Good evening all. I signed in here at the request of a dear friend AliRah. He must have thought that I have some info worth sharing with you all. ;)

Some of the symptoms and experiences that you have been sharing in this thread are very closely related to SAPHO Syndrome. You can do a google search on SAPHO to find out more.

I'd like to share with you a bit of my own background with the idea of arming you with enough information that will help you aid your doctor(s) in making a correct diagnosis. Either to rule it out or make a positive dx (diagnosis).

SAPHO is an acronym for the following (group of) diseases:
S = sinovitis
A = acne of a particular type (Propionibacterium acne, or P. acnes for short)
P = pustulosis - aka: palmoplantar (sole of foot and palm of hand) pustulosis. (is commonly mistaken for a specific type of psoriasis and mistaken as unusual forms of eczema. (Commonly prescribed or OTC dermatological treatments often fail)
H = hyperostosis - aka: sterno-costo-clavicular hyperostosis
O = Osteomyelitis.

I can tell you that you do NOT have to have all of the above in order to have a diagnosis of SAPHO. 2 yrs ago when the RA that I was referred to could not find an answer, I stumbled across SAPHO on a web-researching effort of my own. I took to him the information that I gathered on SAPHO and he "looked it up." His comment: "You probably do NOT have this syndrome based on the fact that you don't have acne or this or that." 6 months later, I had a sternal biopsy. Pathology was sent to John Hopkins hospital and results came back as "sterno-costo-clavicular hyperostosis." It wasn't until about 3 days after these results were given to me that I finally put my finger on where I had heard of this before. It was in the research that I had taken to my RA just 6 months earlier. Further research found that there are certain symptom criteria that a physician should be aware of in order to spare the patient from excessive and sometimes unnecessary testing and biopsy. A simple CT and MRI can help confirm a diagnosis. Especially when no other cancers, infections, etc are coming up as positive in the blood and other tests. A "hot spot" in the MRI and CT scans that cannot otherwise be explained, might signal a physician of SAPHO or sterno-costo-clavicular hyperostosis. These scans can also show a shadow on the films that look like and have been referred to as a bulls head. Darkened areas across the front collar bone, over the shoulders (horns) and down the center of the sternum (face or head of a bull).

Regardless of whether a biopsy should or should not be given in an attempt to confirm SAPHO - I tend to sway towards the "should" side of it. Merely to confirm or rule out the presence of infection in the bone. (IE: osteomyelitis)

Up until my diagnosis, doctors continued to ask me if I had experienced any trauma to my sternum at any time in my life. Yes, I had. But none that fractured the sternum or caused me pain or damage.
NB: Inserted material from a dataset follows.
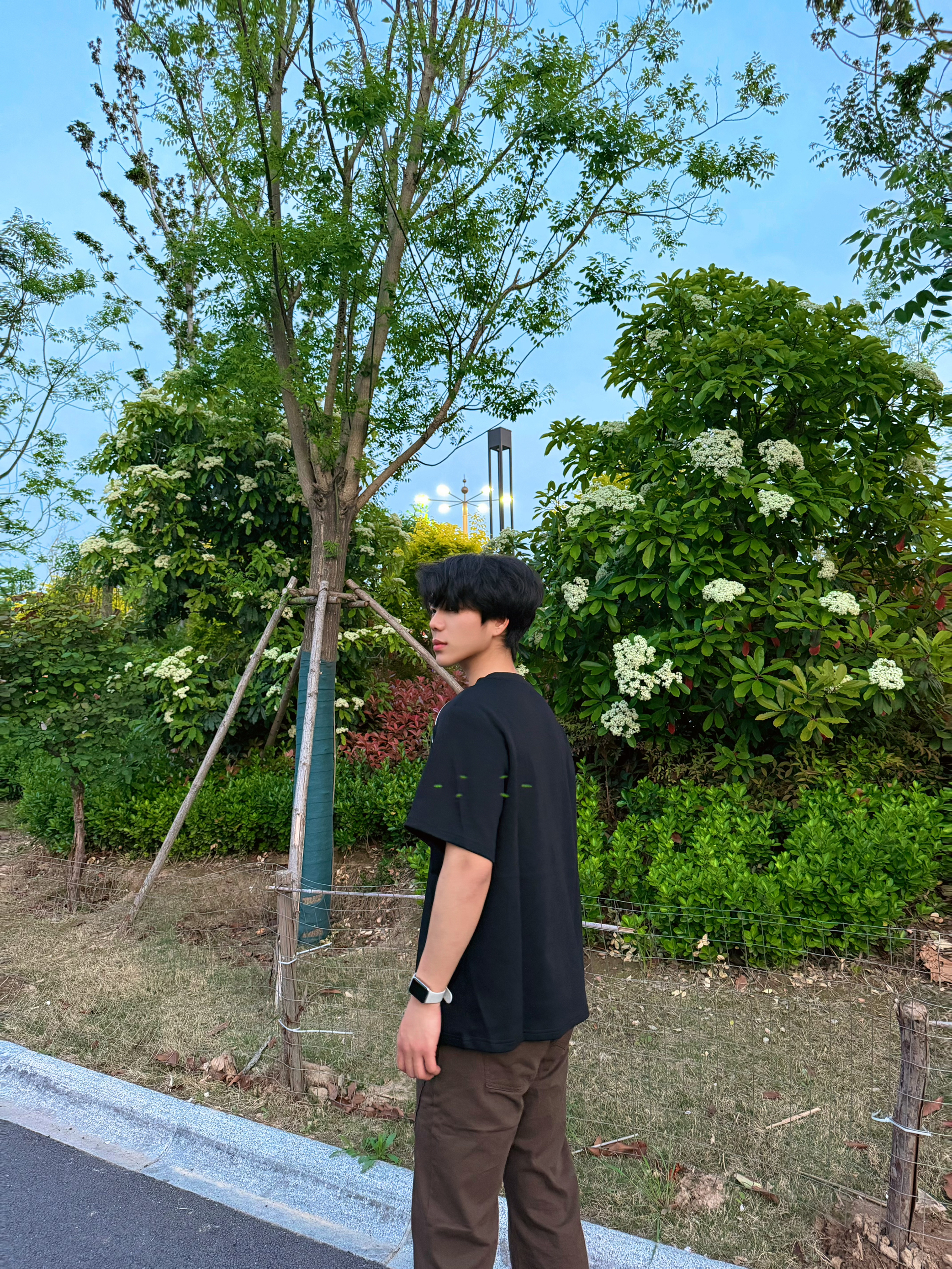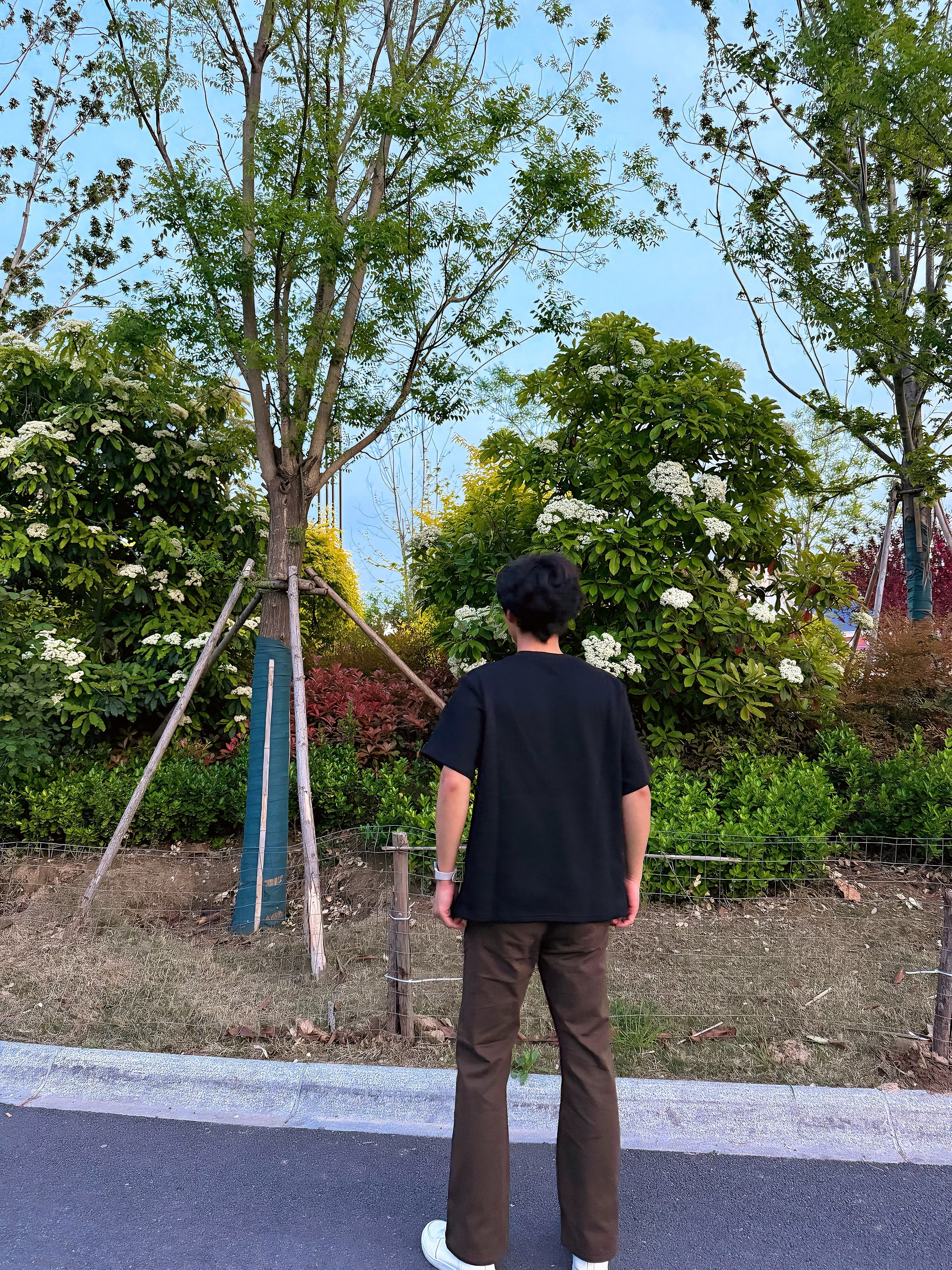 上身这件黑色短袖,面料很舒服,肩部的线条设计很有细节感,简约的款式里藏着小心思。下身的深棕色微喇裤垂坠感不错,版型利落,刚好和白鞋搭配起来,干净又清爽。

I had also been asked to give up my health history for the months or days preceeding the onset of pain in my sternum. I had just gone through a very serious bout of the flu and a cold. When I was feeling better, I had gone outside to shovel snow. Had no problems. 3 days after shoveling snow, I woke up in the morning unable to get out of bed and was in pain. Still, none of the tests could confirm that any of the above was the cause. No fractures, etc.

I saw a sundry of doctors over the course of one year while searching for the one that had all the answers. I visited a cardio thoracic surgeon last. The results: a biopsy with a subsequent diagnosis of SCCH. (short for sterno....). The thoracic surgeon admitted that he had never seen a case of SCCH and I'm sure this boosted his education and field of expertise.

My experiences with SCCH and PPP (palmo-plantar pustulosis):
First notable symptom began in January 2003: PPP on palm of left hand, and soon showing up on the right hand. Dermatologists failed at diagnosis and treatment.

March 2003: Sternal pain. Chair and bed ridden. Pain relievers that worked: Tylenol for Arthritis and Ultracet (a prescription form of a Tylenol and Tramadol mix); Vioxx (which was later removed from the market). Anything stronger like Vicodin and morphine (which was administered after biopsy surgery) offered absolutely no relief. Research has found that many SAPHO sufferers do find better relief from pain via NSAIDs than other more potent forms of prescription pain medications. Why? Because NSAIDs tend to offer relief as anti-inflammatories.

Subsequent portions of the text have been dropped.